__What to produce__
Return an exact copy of the lines from the one holding "优秀毕业生、河南绿安建材有限公司董事长刘春生做报告,院团委老师徐捧丽出席会议。" to the end of the data, including both the starting and final lines. Leave the pictures out.

__Exercise input__
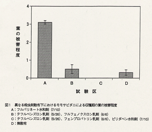 - 収穫期の葉の被害程度は、フルバリネート水和剤を散布した区できわだって大きく、テフルベンズロン乳剤とフルフェノクスロン乳剤を散布した区、フェンプロパトリン水和剤やピリダベン水和剤などを散布した区、無散布区では低い(図1)。なお,テフルベンズロン乳剤とフルフェノクスロン乳剤を散布した区及び無処理区ではカブリダニが多く観察された。
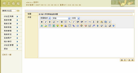 第一步:进入某讨论区首页,在话题列表或文章列表下方的“快速发表新话题”区域输入标题和内容。
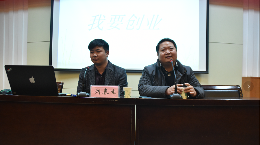 优秀毕业生、河南绿安建材有限公司董事长刘春生做报告,院团委老师徐捧丽出席会议。
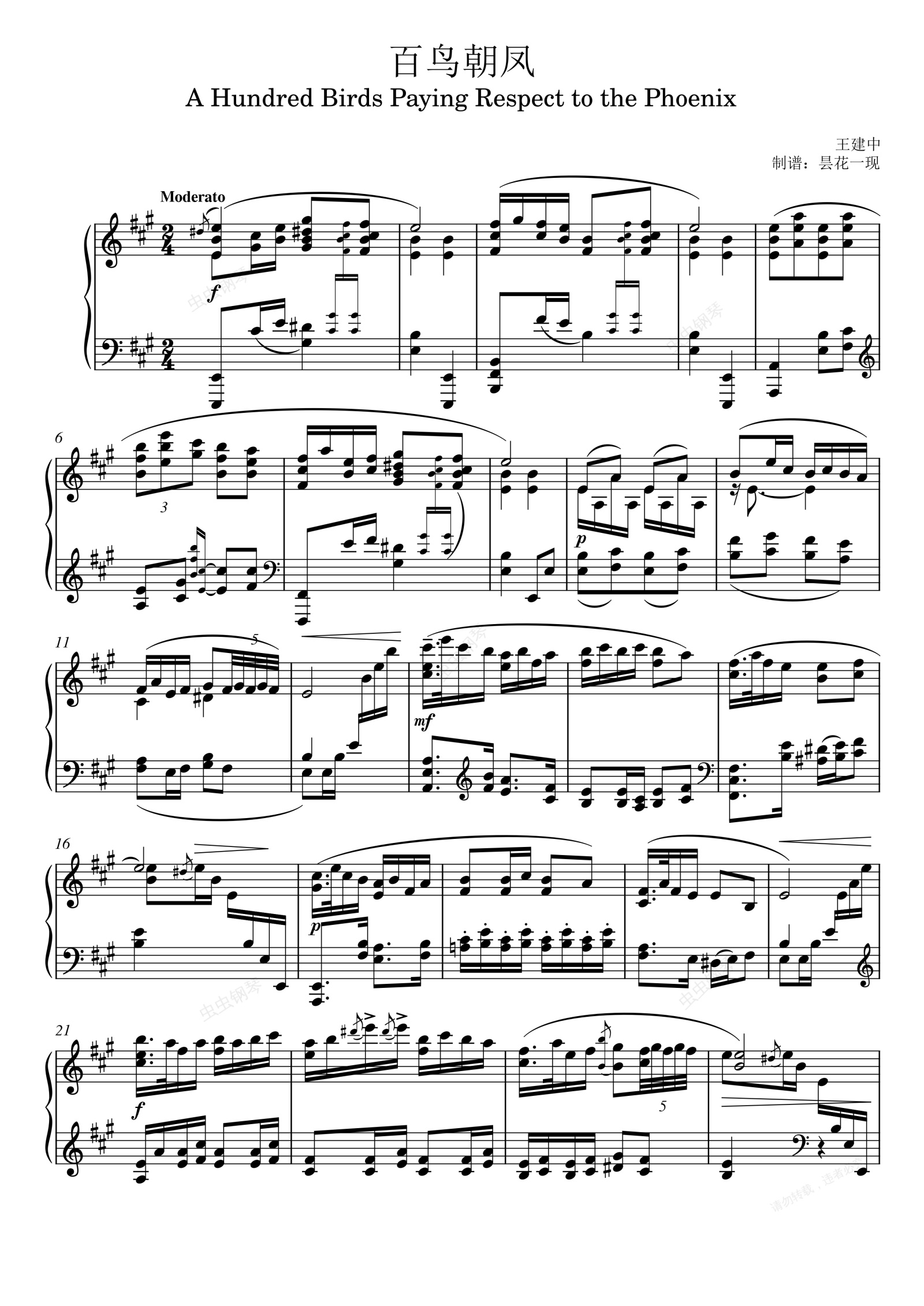 钢琴谱:百鸟朝凤-王建中改编,经典版
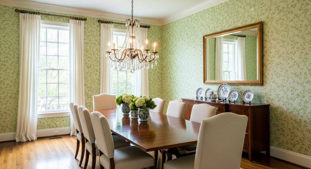 Light green dining room wallpaper ideas don’t settle into one mood. They drift. They adjust. Some days the room feels open and calm. Other days it feels alert, almost awake. That’s fine.
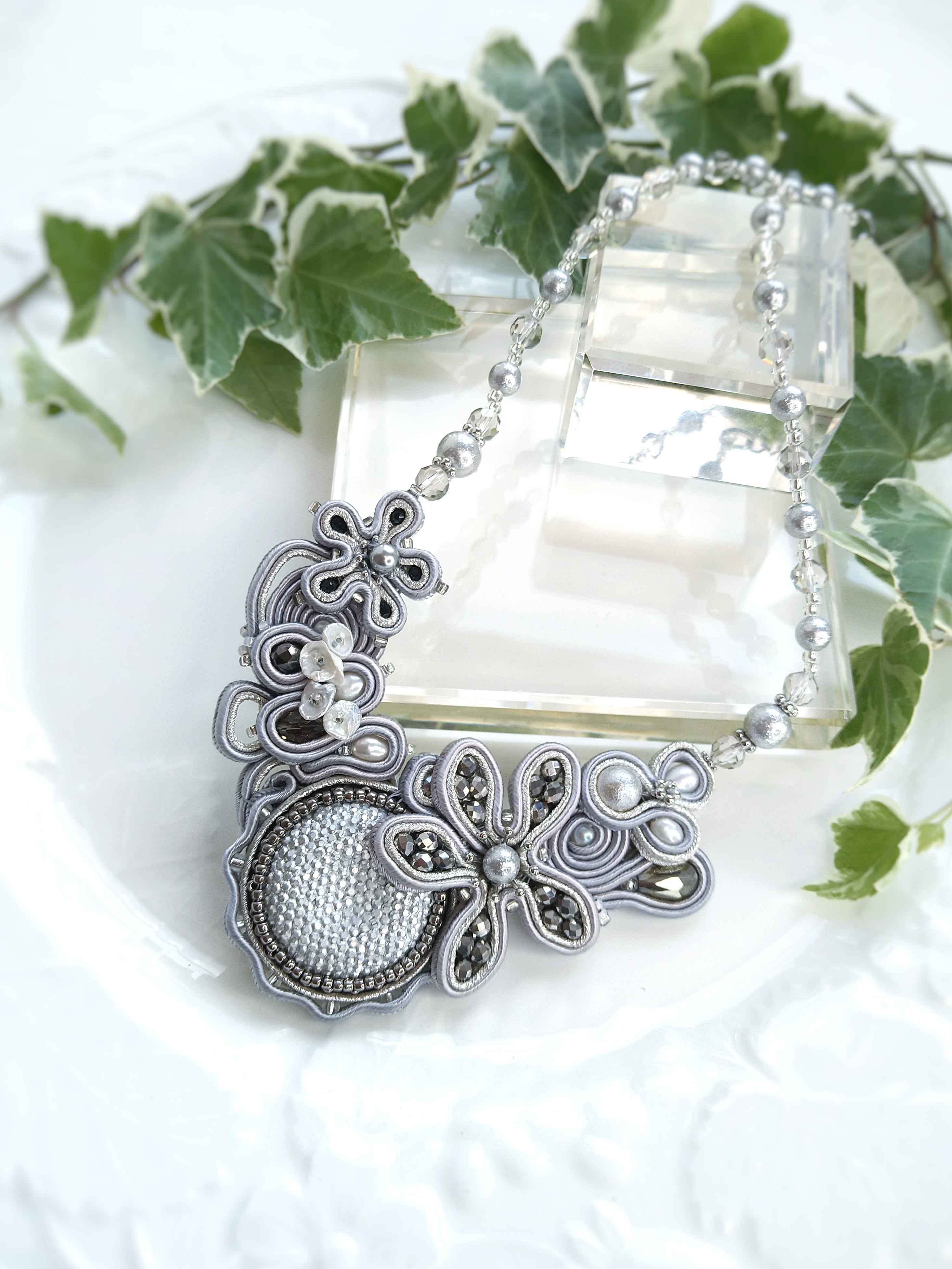【ネックレス】大人の魅力の華やかなシルバーグレーのフラワーネックレス 日高真理子先生作品

__Expected output__
 优秀毕业生、河南绿安建材有限公司董事长刘春生做报告,院团委老师徐捧丽出席会议。
 钢琴谱:百鸟朝凤-王建中改编,经典版
 Light green dining room wallpaper ideas don’t settle into one mood. They drift. They adjust. Some days the room feels open and calm. Other days it feels alert, almost awake. That’s fine.
【ネックレス】大人の魅力の華やかなシルバーグレーのフラワーネックレス 日高真理子先生作品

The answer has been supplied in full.